In an environment that uses 8-bit character processing, compared to other multibyte encodings, UTF-8 has the following advantages:

• The first byte of the code sequence contains information about its length. This increases the efficiency of direct search.
• Finding the beginning of a character is simplified since the start byte is limited to a fixed range of values.
• There is no intersection of byte values.

Benefit Comparison

UTF-8 encoding is compact. But when used to encode East Asian characters (Chinese, Japanese, Korean, using Chinese characters), 3-byte sequences are used. Also, UTF-8 encoding is inferior to other forms of encoding in processing speed. And binary string sorting gives the same result as Unicode binary sorting.

Character Encoding Scheme

A character encoding scheme consists of a character encoding form and a method for byte-wise arrangement of code units. To determine the encoding scheme by the Unicode standard, the use of an initial byte order mark (BOM, Byte order mark) is provided.

When BOM is included in UTF-8, the label function is limited only to indicating the use of the encoding form. UTF-8 has no problem determining byte order, as its encoding unit size is one byte. Using the BOM for this form of encoding is neither mandatory nor recommended. BOM can occur in texts converted from other encodings using a byte order label, or for a UTF-8 encoding signature. It is a sequence of 3 bytes of EF ₁₆ BB ₁₆ BF ₁₆ .

How to set UTF-8 encoding

In HTML, the UTF-8 encoding is set using the following code:

˂head˃

˂meta http-equiv = "Content-Type" content = "text / html; charset = utf-8" ˃

In PHP, the UTF-8 encoding is set using the header () function at the very beginning of the file after setting the value of the error output level:

˂? Php

error_reporting (-1);

header ('Content-Type: text / html; charset = utf-8');

To connect to MySQL databases, the UTF-8 encoding is set as follows:

˂? Php

mysql_set_charset ('utf8');

In CSS files, the UTF-8 character encoding is specified as follows:

@charset "utf-8";

When saving files of all types, UTF-8 encoding without BOM is selected, otherwise the site will not work. To do this, in the DreamWeave program, select the menu item "Modifications - Page Properties - Header / Encoding", change the encoding to UTF-8. Then you should reload the page, uncheck the option “Connect Unicode Signatures (BOM)” and apply the changes. If any text on the page or in the database was entered by another form of encoding, then it must be re-entered or transcoded. When working with regular expressions, you must use the u modifier.

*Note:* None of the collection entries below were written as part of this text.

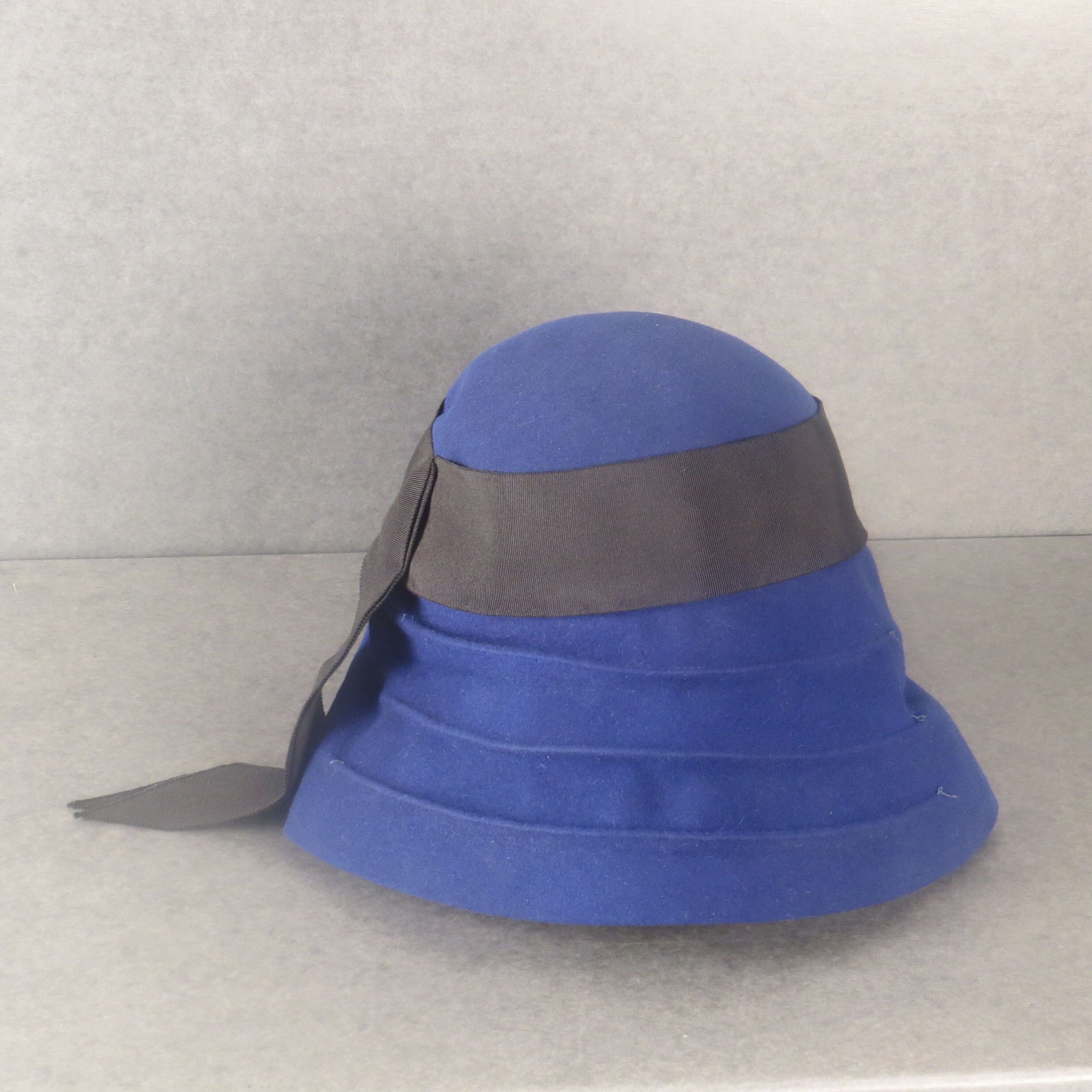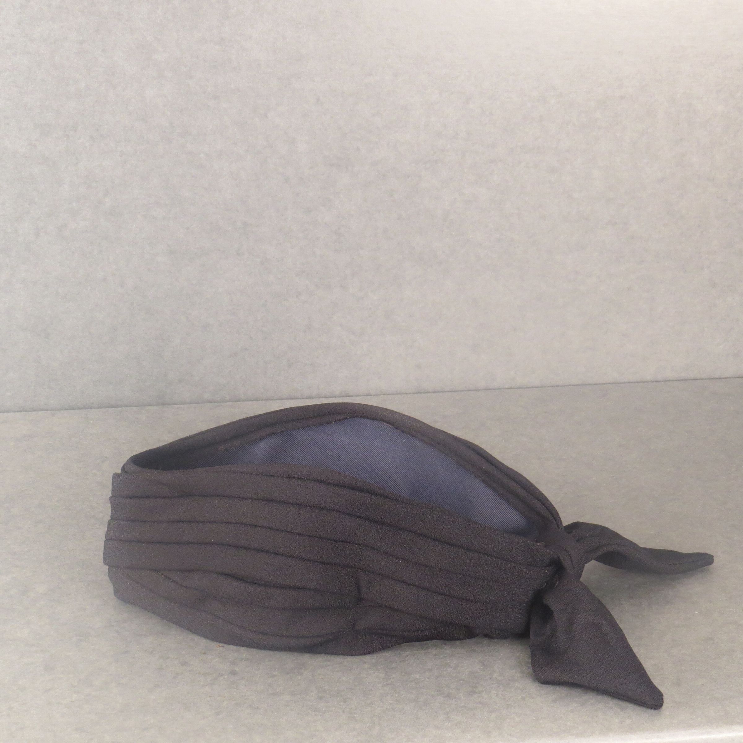 Black crepe turban-like headband with bow at back. The material around the front and sides has been gathered/pleated to create shape. And at back there is a small knot with 3 inch ties. The hat measures 4" (h) x 11.5" (l).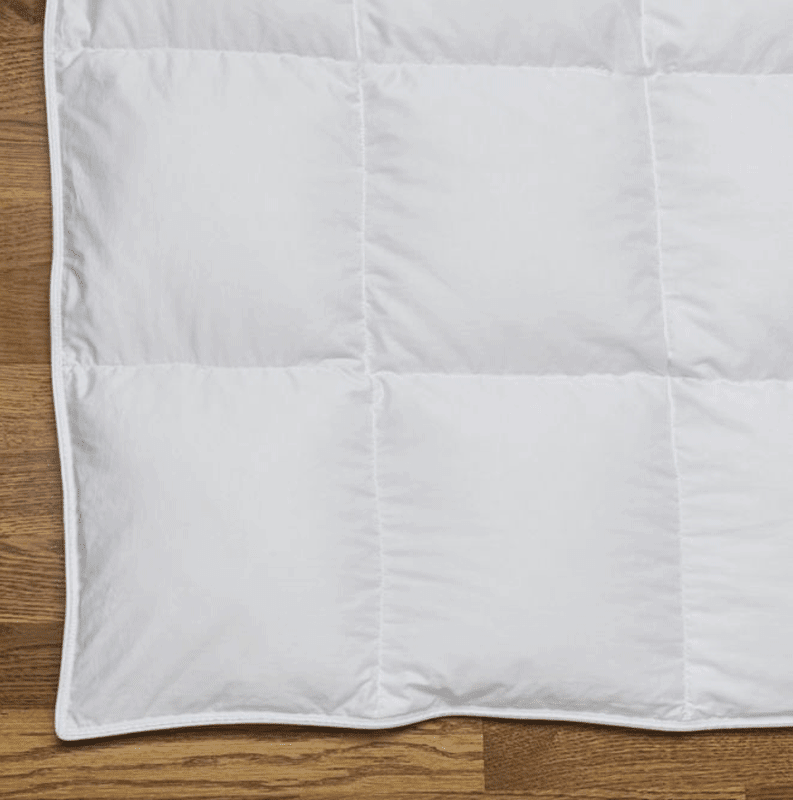 Le piquage en carreaux de la couette Arosa ultra light garantit une répartition homogène du garnissage sur l’ensemble de la couette.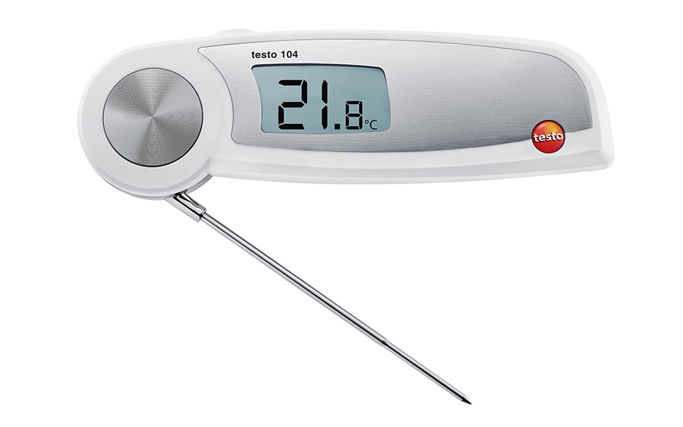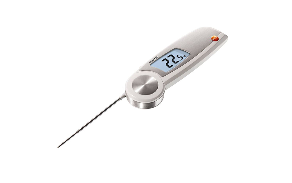 testo 104在測量完成后可水下沖洗的折疊式食品中心溫度計。折疊式探頭在完成測量后折疊收納入儀器外殼。

You can also save the file in UTF-8 encoding in the Notepad of Windows OS. After selecting the menu item “File - Save As ...” set the necessary encoding form and save the file in UTF-8 encoding.

In the Notepad ++ text editor, if the encoding is different from UTF-8, change the encoding through the menu item "Convert to UTF-8 without BOM" and save it in UTF-8 encoding.

There is no alternative

In the context of globalization, when political and linguistic boundaries are erased, character sets that have local characteristics become unsuitable. Unicode is the only character set that supports all localizations. And UTF-8 is an example of a proper Unicode implementation, which:

• supports a wide range of tools, including compatibility with ASCII encoding;
• It is resistant to data distortion;
• simple and effective in processing;
• platform independent.

With the advent of UTF-8, discussions about which form of encoding or character set are better have become meaningless.